Yesterday, I read an article on TechRepublic’s website (Offshoring has fuelled IT skills crisis) which quotes John Harris, the chairman of the Corporate IT Forum as saying, “Outsourcing of entry-level IT jobs has left UK businesses struggling to find staff with sufficient experience to fill senior roles”.

Harris was commenting on the findings of a report for the forum which found that 59 per cent, of forum members have been unable to find people with the right technical or business skills for an IT role. Apparently 25% of forum members feel that Offshoring is the biggest barrier to entry for the IT profession and 59% of companies are struggling to find people with the right skills.

This is a damning indictment of the state of the UK IT industry and the race to the bottom (in terms of cost) is having serious repercussions for IT and the UK economy as a whole. Our IT industry is becoming devalued as quality is eroded.

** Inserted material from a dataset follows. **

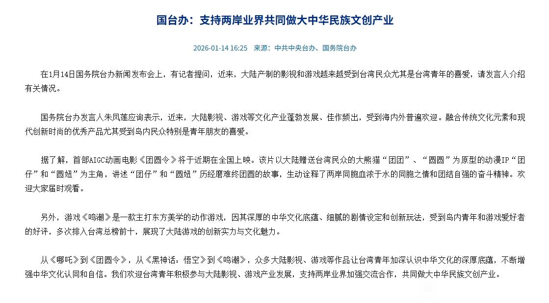 共15张《鸣潮》被国台办点名,与《黑神话》《哪吒》齐名!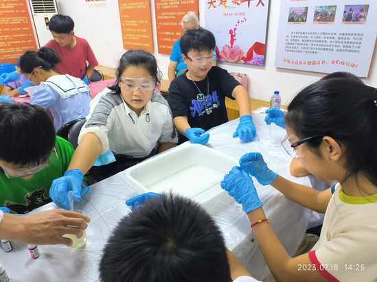 7月11日、18日、21日,化学化工学院高分子材料与工程专业教工党支部联合保利西子湾居委会和党支部开展了三期“探秘神奇化学,点燃科学梦想”活动,分别进行了自制变色指示剂、制作水精灵、彩虹雨等实验。

One of the people who commented on the article said, “When you go cheap, you get a cheap outcome”. This and the fact that many of the discussion boards that I frequent are often filled with offshore workers; struggling with problems that they haven’t been trained for and desperately seeking out help or advice on the Internet, prompted me to reply.

In my reply, I stated,

This reminds me of the quote often attributed to John Ruskin.
"There is hardly anything in the world that some man cannot make a little worse and sell a little cheaper, and the people who consider price only are this man's lawful prey."

In a dash to the lowest cost model, which incidentally isn't truly "low cost" due to the extra management overheads and the build-up of technical debt; we've ended up with truly awful IT systems in some of our largest organisations. Unless something is done quickly to prevent parasitic practices in the IT industry, UK IT will go the same way as cotton, wool, electronics and car manufacturing.